= DATA PROVIDED =
──────────────────────────────

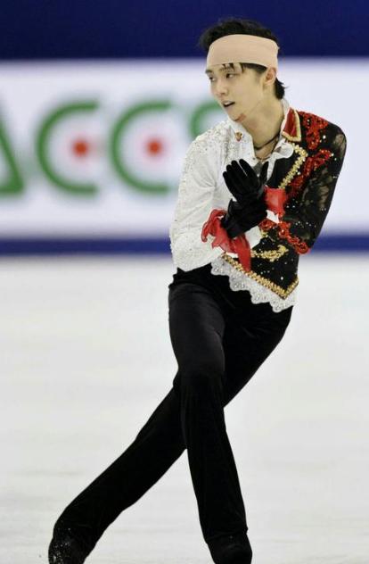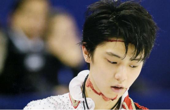 2014年的中国杯上,羽生意外与闫寒相撞,当时两人都处于快速滑行状态,相撞后闫寒因伤势过重退赛,而羽生硬是留着血痕,包扎着绷带完成了比赛。鲜艳的红色留在俊俏的脸上,从此他又成就了一段“血魅”传奇。
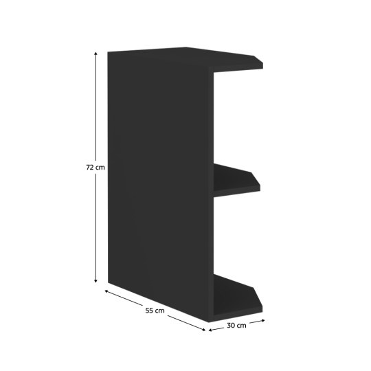 Materiál: laminovaná DTD Barva: černý mat Rozměry (ŠxHxV): 30x55x72 cm Tloušťka materiálu: 1,6 cm S policí Otevřená Rohová Bez dolní lišty/soklu Bez pracovní desky Moderní design Možnost dokoupit univerzální dřez LAY ON. Dodáváno v demontu Spodní sektorové skříňky jsou dodávány včetně dolní lišty (sokla), bez pracovní desky. Pracovní desku o tloušťce 3,8 cm si můžete doobjednat v provedení marmur roma za cenu 1.650 Kč/bm.
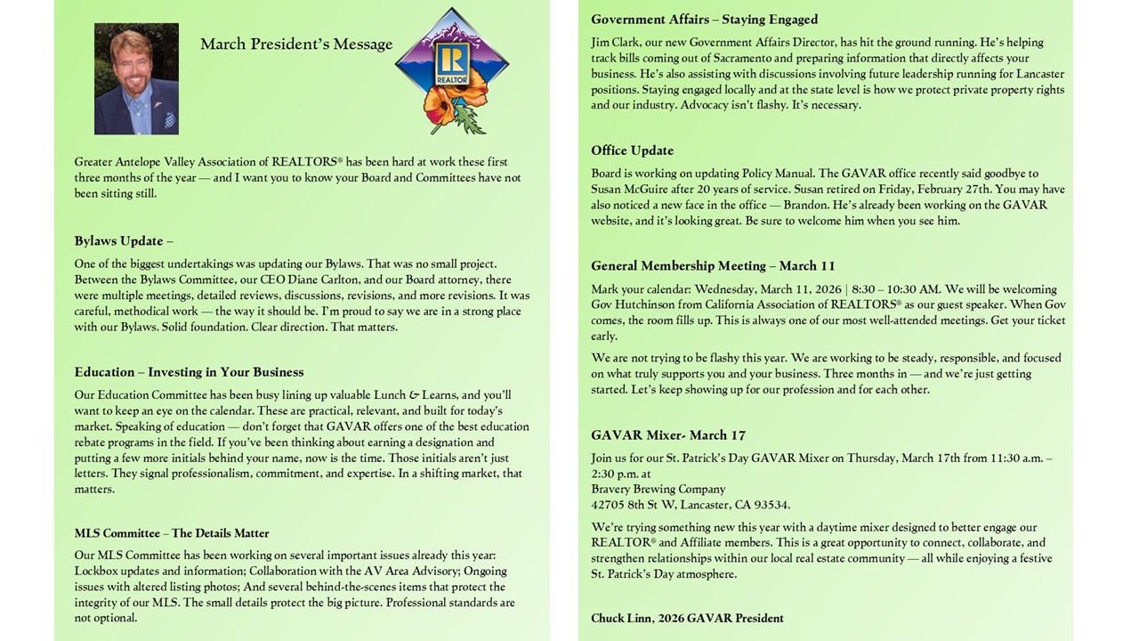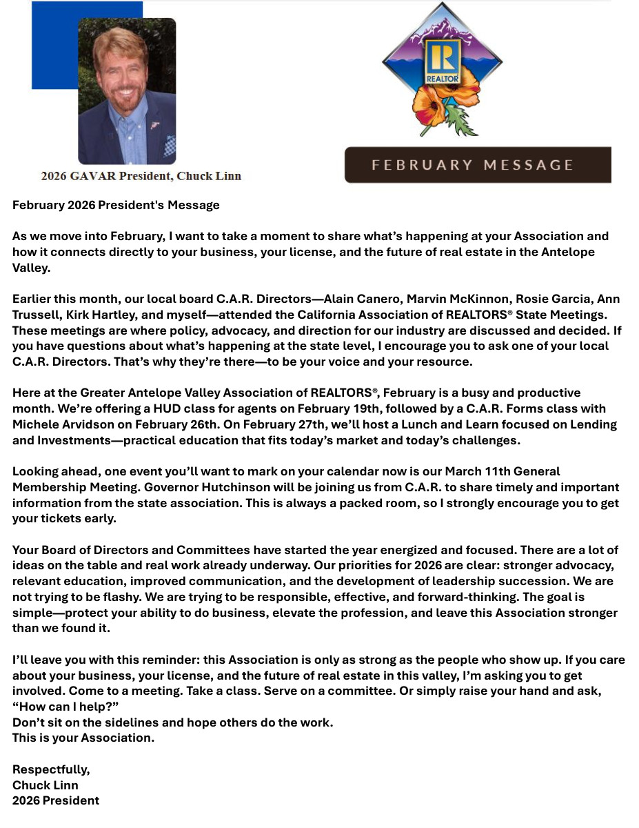 Here's A Message From Our 2026 President Chuck Linn!

──────────────────────────────

= TASK INSTRUCTIONS =
All of the lines above should be retyped precisely, apart from the pictures.

= TASK SOLUTION =
 2014年的中国杯上,羽生意外与闫寒相撞,当时两人都处于快速滑行状态,相撞后闫寒因伤势过重退赛,而羽生硬是留着血痕,包扎着绷带完成了比赛。鲜艳的红色留在俊俏的脸上,从此他又成就了一段“血魅”传奇。
 Materiál: laminovaná DTD Barva: černý mat Rozměry (ŠxHxV): 30x55x72 cm Tloušťka materiálu: 1,6 cm S policí Otevřená Rohová Bez dolní lišty/soklu Bez pracovní desky Moderní design Možnost dokoupit univerzální dřez LAY ON. Dodáváno v demontu Spodní sektorové skříňky jsou dodávány včetně dolní lišty (sokla), bez pracovní desky. Pracovní desku o tloušťce 3,8 cm si můžete doobjednat v provedení marmur roma za cenu 1.650 Kč/bm.
 Here's A Message From Our 2026 President Chuck Linn!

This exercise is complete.